Мархнер прошел в исповедальню. Свет за лиловыми занавесями погас.
Мархнер опустился на колени. «Как принято начинать разговор в этой тесной исповедальне? Я забыл формулу. Я не помню зачина. Лет тридцать — тридцать пять назад я еще все знал. Но забытое и не стоит того, чтобы его помнить. Итак, Мархнер, не вспоминай!»
Тишина начала тяготить Мархнера. И тут сквозь деревянную решетку к нему проник голос:
— Когда вы исповедовались в последний раз?
— Да пожалуй, лет… когда меня водили к первому причастию, первому и последнему. Не один десяток лет тому назад. И еще раз мы всем скопом получили отпущение грехов, даже без исповеди. От капеллана. В Черкасском котле. Перед попыткой вырваться. Но я пришел не исповедоваться. Я пришел поговорить с вами.

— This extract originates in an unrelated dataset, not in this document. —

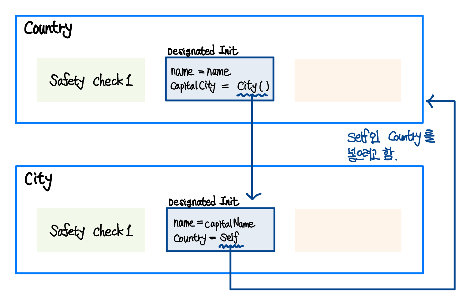 Country의 고유 속성인 name과 capitalCity에 대해서 초기화가 진행이 되는데, capitalCity에 값을 넣기 위해 City의 initializer가 호출된다. ▼
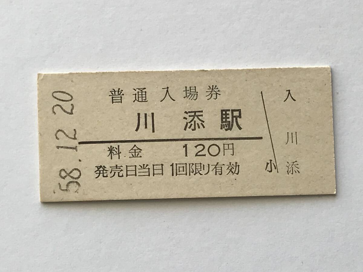 昔の切符 きっぷ 硬券 川添駅 普通入場券 料金120円 サイズ:約2.5×約5.8㎝ S58  HF5252   くるり 岸田繁

Молодой викарий, стоявший по ту сторону деревянной решетки, был смущен. Он совсем недавно начал принимать исповеди. А сегодня у него впервые была вечерняя субботняя служба, потому что патера вызвали на съезд настоятелей. Если не считать нескольких старушек, которых влекла к молодому священнику прелесть новизны, он имел дело только с детьми, которые являлись по расписанию. Одни и те же слово в слово заученные тексты из молитвенника. За этим текстом трудно было угадать, где кончается детская наивность и начинаются муки переходного возраста. Ведь и малому греху ведом стыд, ведь и малый грех охотно прячется за безликой формулой.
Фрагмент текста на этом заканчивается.